What is a fair price to pay a broker for the different levels of service? Indeed, should fairness play a part in the culture of broking? Or should it be a case of “buyer beware”? Insurances that pay up to 80% of the premium to intermediaries are criticised by Mactavish but does the typical customer worry about that if they get what they think they need at a price they are willing to pay? Difficult questions to answer, in good faith.

Mactavish also claims that as much as 80% of the broker’s remuneration is paid by the insurer and only 20% by the customer. That, says Mactavish, is a conflict of interest. The question it raises is why is the client not willing to pay what the broker needs, or demands, as the price for doing the job? Therein lies a clue to the broker’s future.

 

A perfect opportunity for the profession 

Flaxman said: “The present circumstances facing the industry are a perfect opportunity for brokers that want to be trusted and valued professional advisors on the complexities of insurance programmes to protect a customer’s business and its place in the economy, to propose a new status and value proposition. That value proposition cannot rely on digital remote communications.”
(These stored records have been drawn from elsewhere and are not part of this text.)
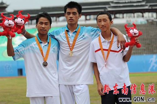 本港訊 (特約記者 黃曉海 攝影報道)7月24日,在凱里市體育場舉行的男子乙組1500米決賽中,丹寨縣選手魏萬亮以4分37.4秒的成績獲得銅牌,并打破了州運會1500米的紀錄,為丹寨代表團奪得了首塊獎牌。據了解,魏萬亮來自丹寨縣興仁鎮,1996年出生,這屆運動會是他參加的第一次參加大型運動會。
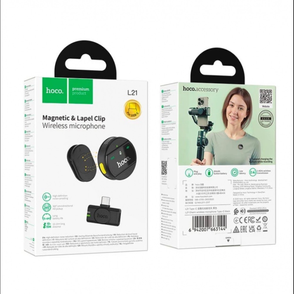 HOCO Type-C Charm Wireless Microphone L21 — это универсальный беспроводной петличный микрофон для смартфонов и планшетов с разъемом Type-C. Он оснащен всенаправленным электретным капсулем и системой ENC-шумоподавления, обеспечивающей чистую и точную запись звука. Устройство отлично подходит для блогеров, стримеров, интервью, TikTok, подкастов и удаленного обучения.
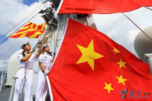 ↑辽宁舰在维多利亚湾泊后,信号兵将国旗升起。张凯 摄(据新华社客户端)
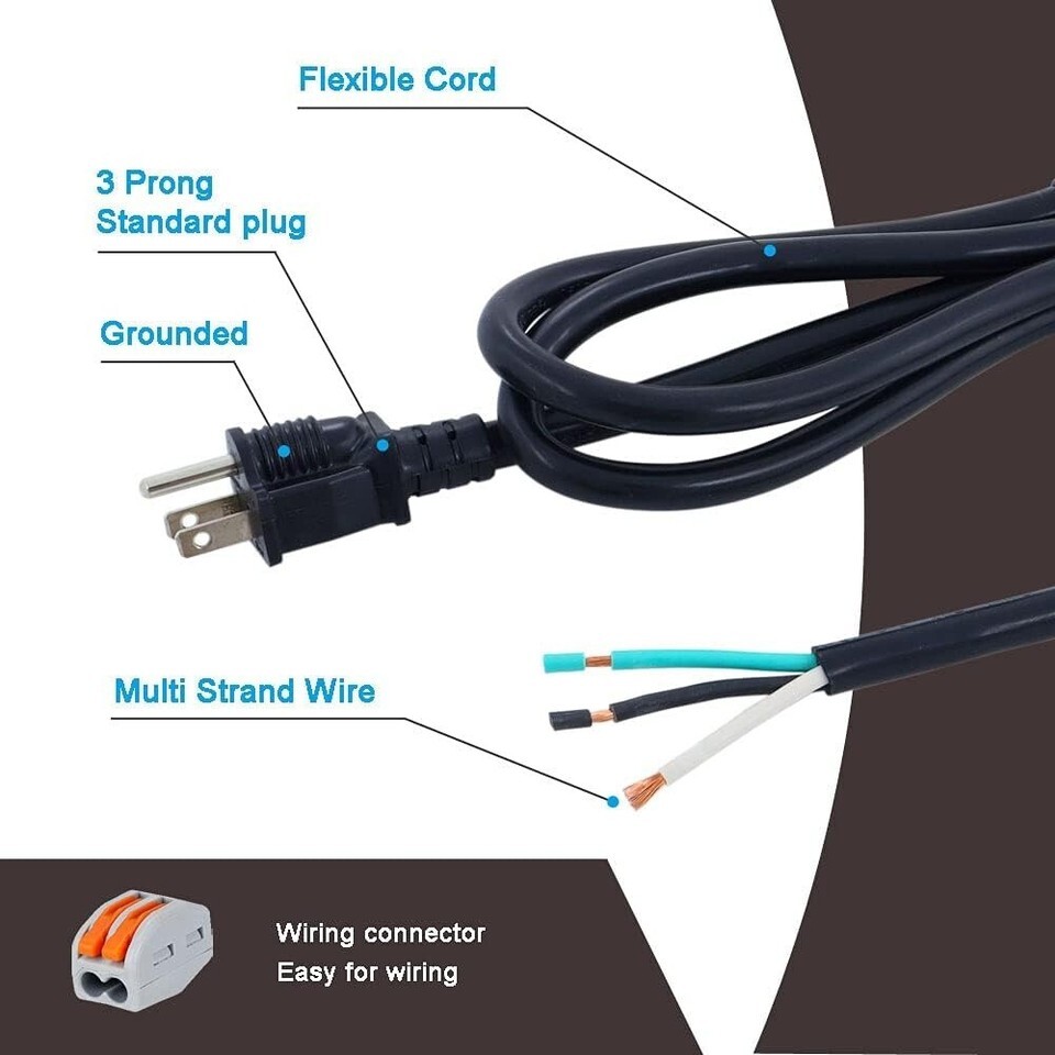 12 AWG Power Cord 12FT Open End Heavy Duty 12 Gauge 3 Prong 12 Foot 3 Wire SJ...
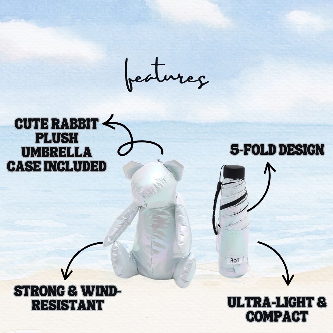 🧸 Plush Umbrella Case – Adorable rabbit design doubles as a bag charm.

The key to professional services is knowing how to price the service and get properly and fairly remunerated for the value of what is delivered. That value is in the eye of the customer, not what the broker or insurer might perceive it to be; and that is where the broking profession could usefully re-assess the way forward, post-COVID-19, to attract, reassure and retain its customer base for the next 25 years.

This document is believed to be accurate but is not intended as a basis of knowledge upon which advice can be given. Neither the author (personal or corporate), the CII group, local institute or Society, or any of the officers or employees of those organisations accept any responsibility for any loss occasioned to any person acting or refraining from action as a result of the data or opinions included in this material. Opinions expressed are those of the author or authors and not necessarily those of the CII group, local institutes, or Societies.